Write out the lines below exactly, beginning at the one with "3 dormitórios sendo" and stopping after the one with "Avec le soutien"; the pictures are not copied.

■ Record set
------------
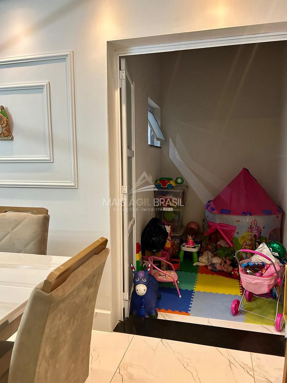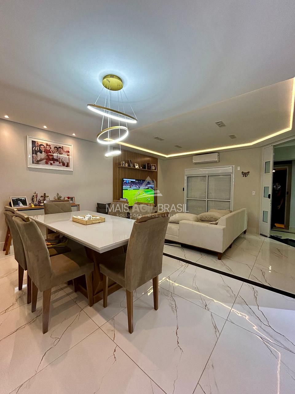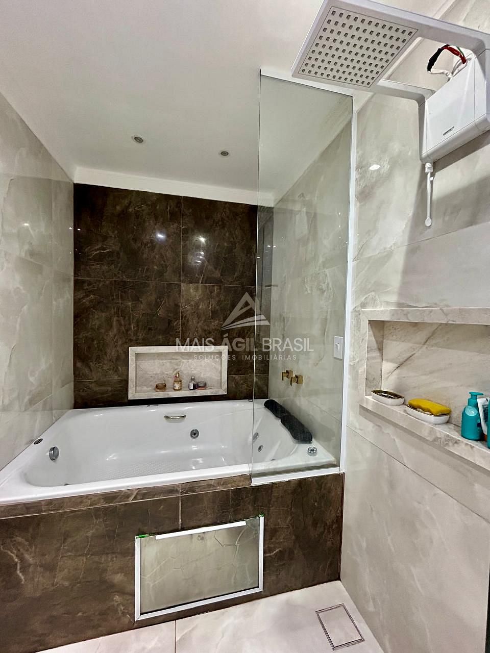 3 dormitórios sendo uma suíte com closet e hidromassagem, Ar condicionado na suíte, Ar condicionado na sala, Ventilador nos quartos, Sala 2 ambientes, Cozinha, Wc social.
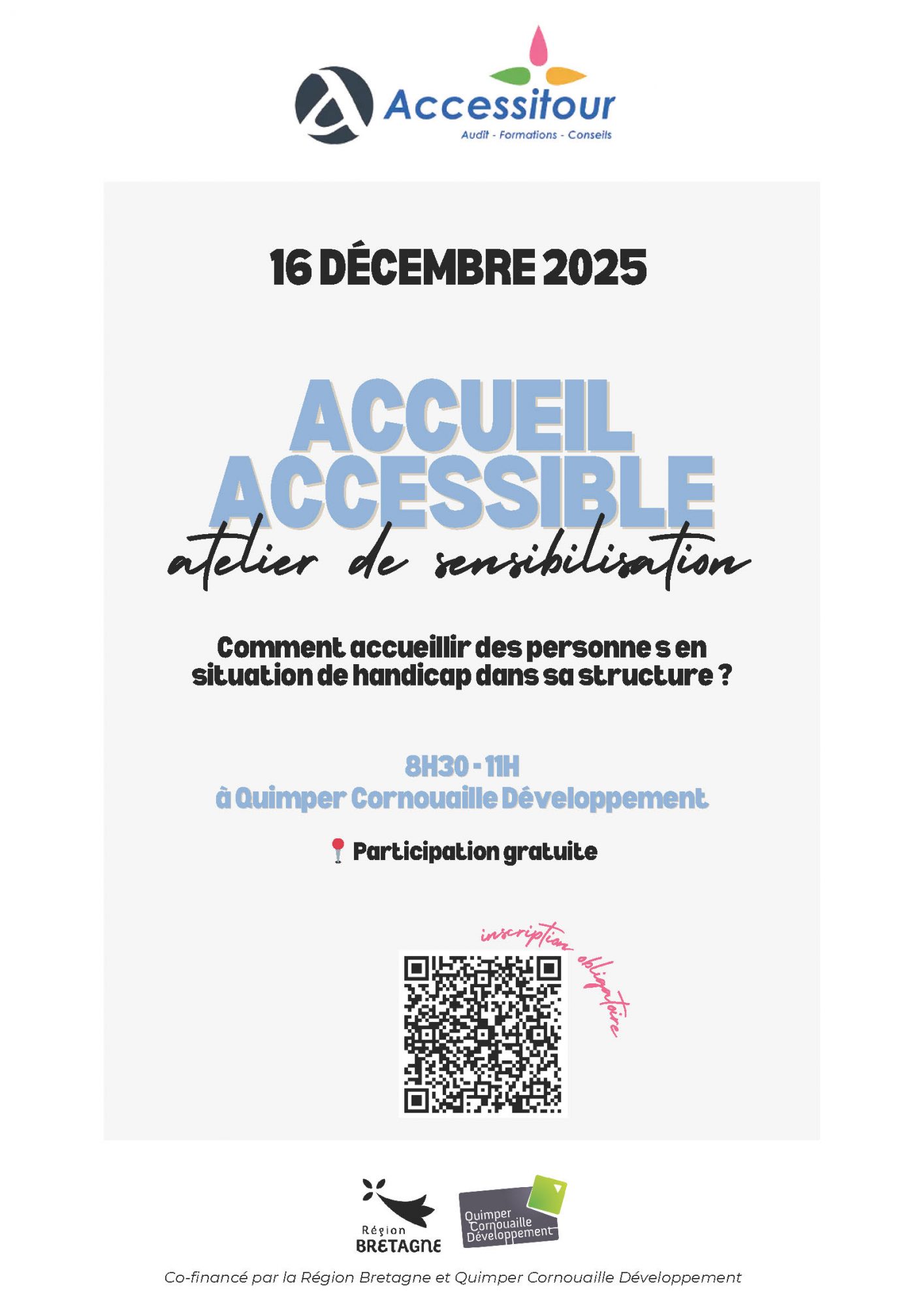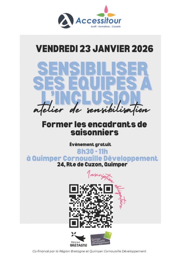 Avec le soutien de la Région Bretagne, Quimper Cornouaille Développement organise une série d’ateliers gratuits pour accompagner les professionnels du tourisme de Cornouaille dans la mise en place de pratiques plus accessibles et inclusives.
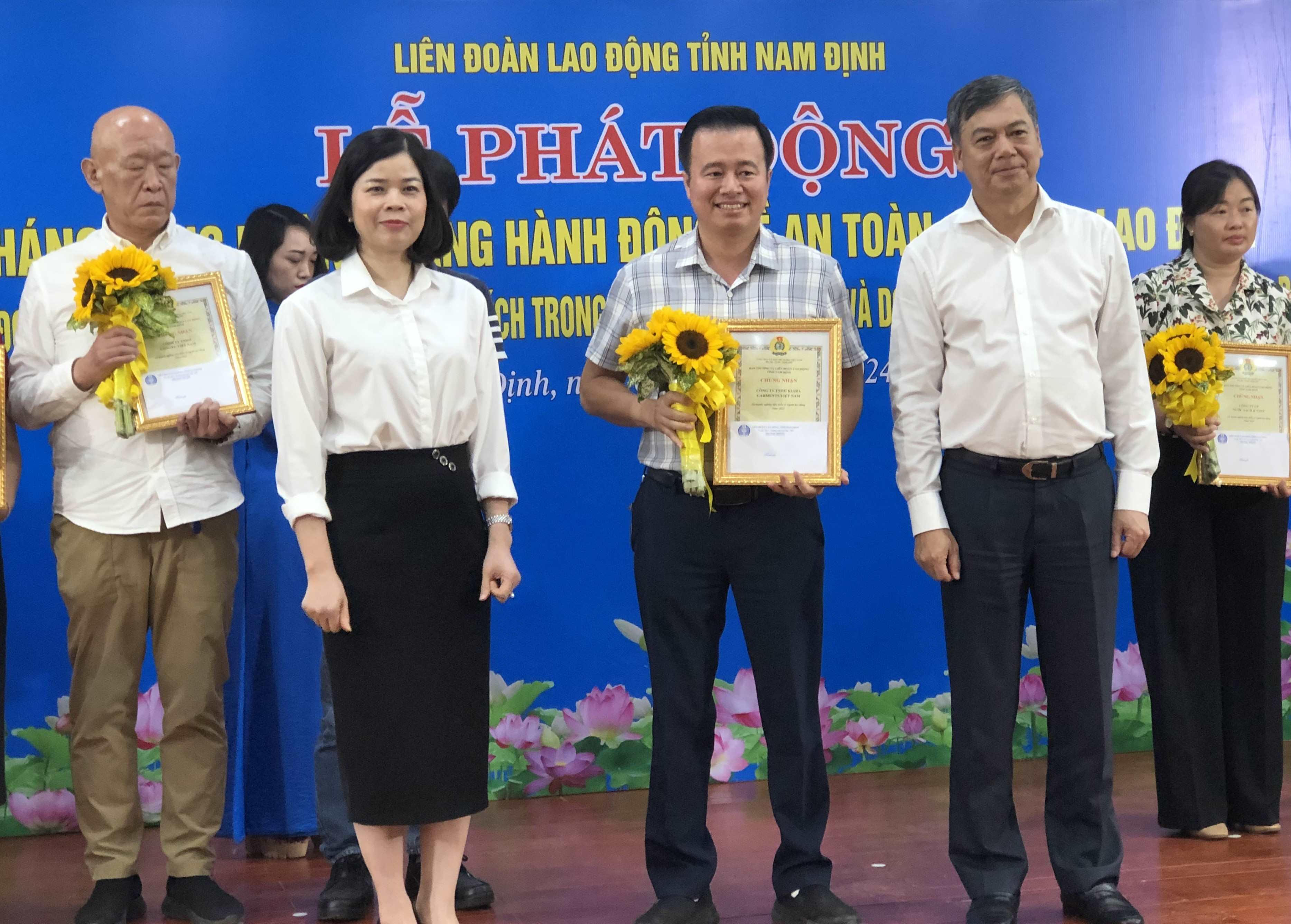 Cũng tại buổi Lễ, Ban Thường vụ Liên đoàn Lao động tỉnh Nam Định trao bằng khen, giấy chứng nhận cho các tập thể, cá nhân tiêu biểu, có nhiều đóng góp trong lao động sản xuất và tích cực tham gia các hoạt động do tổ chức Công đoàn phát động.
------------
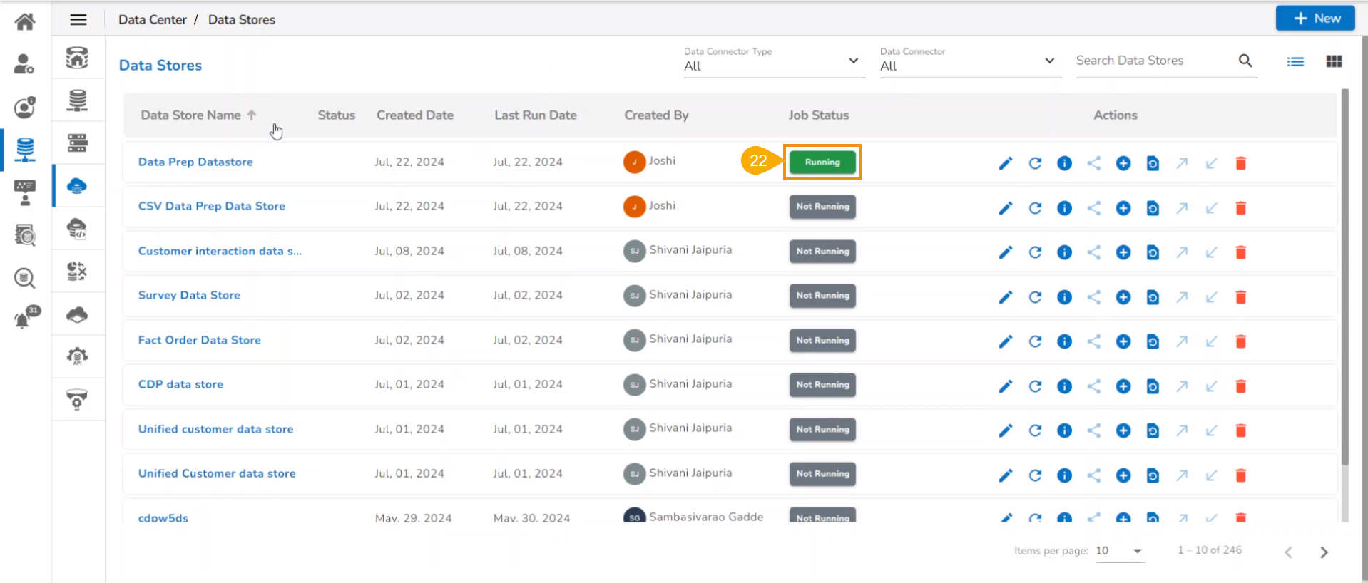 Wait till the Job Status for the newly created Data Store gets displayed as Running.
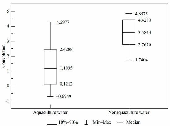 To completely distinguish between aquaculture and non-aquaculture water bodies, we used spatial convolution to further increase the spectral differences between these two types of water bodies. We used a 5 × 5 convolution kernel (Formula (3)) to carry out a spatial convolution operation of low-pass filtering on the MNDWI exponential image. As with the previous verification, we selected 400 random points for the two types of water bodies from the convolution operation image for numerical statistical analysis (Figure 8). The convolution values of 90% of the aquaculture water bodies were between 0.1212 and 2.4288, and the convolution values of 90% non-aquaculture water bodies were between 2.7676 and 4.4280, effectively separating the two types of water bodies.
------------
■ Answer box
 3 dormitórios sendo uma suíte com closet e hidromassagem, Ar condicionado na suíte, Ar condicionado na sala, Ventilador nos quartos, Sala 2 ambientes, Cozinha, Wc social.
 Avec le soutien de la Région Bretagne, Quimper Cornouaille Développement organise une série d’ateliers gratuits pour accompagner les professionnels du tourisme de Cornouaille dans la mise en place de pratiques plus accessibles et inclusives.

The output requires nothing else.